──────── Extracted entries ────────

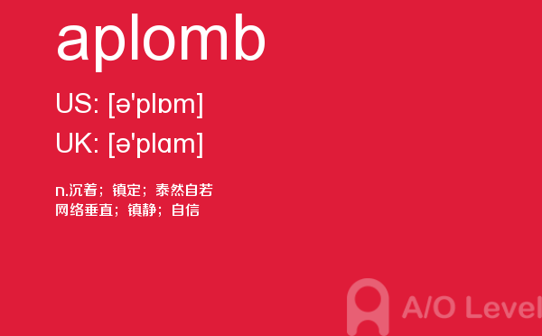 英国a-level考试是英国留学生去英国留学需要参加的考试,很多考生担心a-level考试分数要求高,英国a-level考试难度大,别担心,只要认真的学习a-level考试内容,小编相信大家一定能够考得a-level高分。今天a/o-level考试网给大家带来单词aplomb的全面解析。如果您想了解alevel到底是什么课程,alevel考试要求,新加坡a水准好考吗,alevel网课等关于a-level考试的相关资讯,请继续浏览并关注课窝a/o-level考试网。
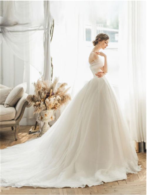 当新娘到了新郎家时,就要换好去酒店要穿的主婚纱,通常来说,白色的主婚纱大部分都是新娘的首选,也寓意白头偕老,当然如果你想要增加婚礼中的档次,你还可以直接选择一个拖尾的白色主婚纱,这样在灯光的照耀下还可以衬托出一种美的效果。
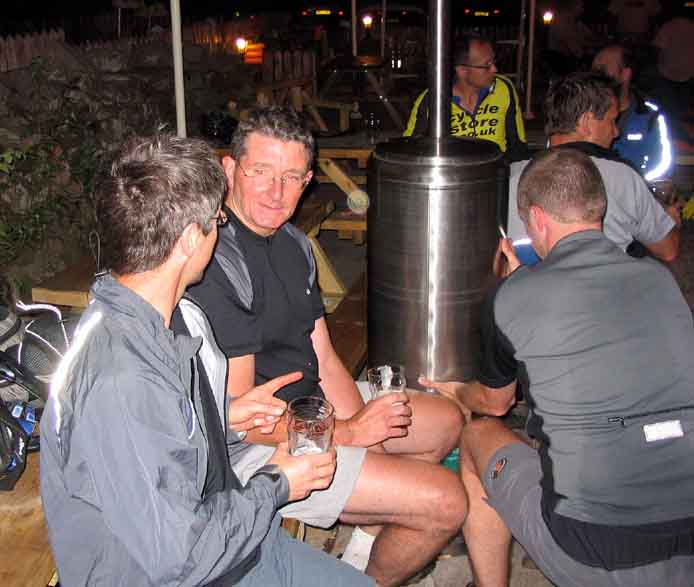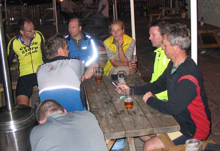Crew : Ed Couch, Big Nick, Kersh, Eric, Pete, Andy, Stunt Double,Paul the Dentist, 3sheds ---- * ---- An idyllic wander through Macclesfield Forest on a perfect summers evening We had the honour accompanying Kirsten around our classic route An innovative section was added to this familiar route (on the approach to Nessit hill from Standing Stone) Two of the "real mates" (Nick and Ed) turned up to make the evening even more special The Church house's beer garden was an obvious choice for our quaffing and scoffing ---- * ---- |
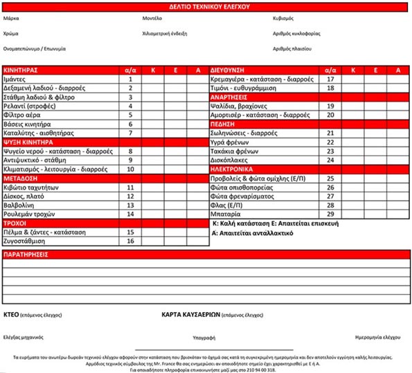 Στο Service Mr.France, μπορείτε να εμπιστευτείτε κάθε σας επιθυμία, όπου με προηγμένες μεθόδους και σύγχρονες τακτικές, εξασφαλίζεται η υψηλότερη ποιότητα υπηρεσιών. Για τη δική σας σιγουριά και ασφάλεια το Service Mr.France έφερε δωρεάν την Επαναστατική Υπηρεσία Τεχνικού Ελέγχου 29 Σημείων του αυτοκινήτου σας. Αυτή περιλαμβάνει ελέγχους σε διάφορα μέρη του αυτοκινήτου, όπως είναι στον κινητήρα, στη μετάδοση, στους τροχούς, στις αναρτήσεις, στα ηλεκτρονικά και στα συστήματα διεύθυνσης και πέδησης (βλ. παρακάτω το Δελτίο Τεχνικού Ελέγχου).
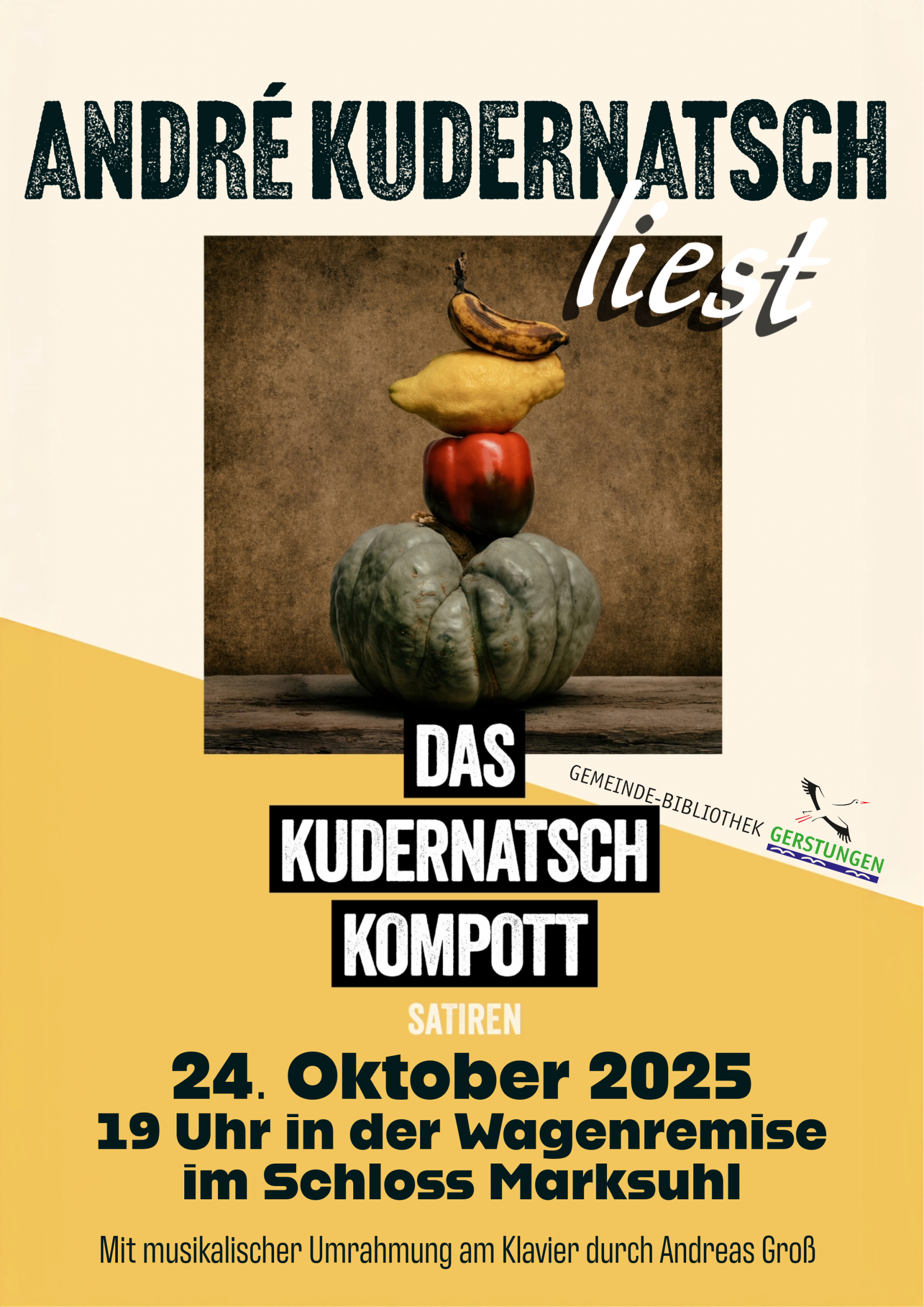 Was wird uns Kult-Komiker Kudernatsch zum Nachtisch aus dem Keller holen? Auf jeden Fall etwas Eingemachtes: Kalauer und Kolumnen, Kabarett, Krimis und Katastrophen. Das wird mal saftig und mal deftig. Zur Auswahl gehören aber auch kühne Kommentare und Geschichten aus dem Gruselkabinett. Zum Glück aber lauter Sachen zum Lachen. Ja, Kudernatsch gibt sein Bestes.

────────

Nothing but the text is wanted: repeat the data above exactly, without its images.

• [Worked solution]:
 英国a-level考试是英国留学生去英国留学需要参加的考试,很多考生担心a-level考试分数要求高,英国a-level考试难度大,别担心,只要认真的学习a-level考试内容,小编相信大家一定能够考得a-level高分。今天a/o-level考试网给大家带来单词aplomb的全面解析。如果您想了解alevel到底是什么课程,alevel考试要求,新加坡a水准好考吗,alevel网课等关于a-level考试的相关资讯,请继续浏览并关注课窝a/o-level考试网。
 当新娘到了新郎家时,就要换好去酒店要穿的主婚纱,通常来说,白色的主婚纱大部分都是新娘的首选,也寓意白头偕老,当然如果你想要增加婚礼中的档次,你还可以直接选择一个拖尾的白色主婚纱,这样在灯光的照耀下还可以衬托出一种美的效果。
Crew : Ed Couch, Big Nick, Kersh, Eric, Pete, Andy, Stunt Double,Paul the Dentist, 3sheds ---- * ---- An idyllic wander through Macclesfield Forest on a perfect summers evening We had the honour accompanying Kirsten around our classic route An innovative section was added to this familiar route (on the approach to Nessit hill from Standing Stone) Two of the "real mates" (Nick and Ed) turned up to make the evening even more special The Church house's beer garden was an obvious choice for our quaffing and scoffing ---- * ---- |
 Στο Service Mr.France, μπορείτε να εμπιστευτείτε κάθε σας επιθυμία, όπου με προηγμένες μεθόδους και σύγχρονες τακτικές, εξασφαλίζεται η υψηλότερη ποιότητα υπηρεσιών. Για τη δική σας σιγουριά και ασφάλεια το Service Mr.France έφερε δωρεάν την Επαναστατική Υπηρεσία Τεχνικού Ελέγχου 29 Σημείων του αυτοκινήτου σας. Αυτή περιλαμβάνει ελέγχους σε διάφορα μέρη του αυτοκινήτου, όπως είναι στον κινητήρα, στη μετάδοση, στους τροχούς, στις αναρτήσεις, στα ηλεκτρονικά και στα συστήματα διεύθυνσης και πέδησης (βλ. παρακάτω το Δελτίο Τεχνικού Ελέγχου).
 Was wird uns Kult-Komiker Kudernatsch zum Nachtisch aus dem Keller holen? Auf jeden Fall etwas Eingemachtes: Kalauer und Kolumnen, Kabarett, Krimis und Katastrophen. Das wird mal saftig und mal deftig. Zur Auswahl gehören aber auch kühne Kommentare und Geschichten aus dem Gruselkabinett. Zum Glück aber lauter Sachen zum Lachen. Ja, Kudernatsch gibt sein Bestes.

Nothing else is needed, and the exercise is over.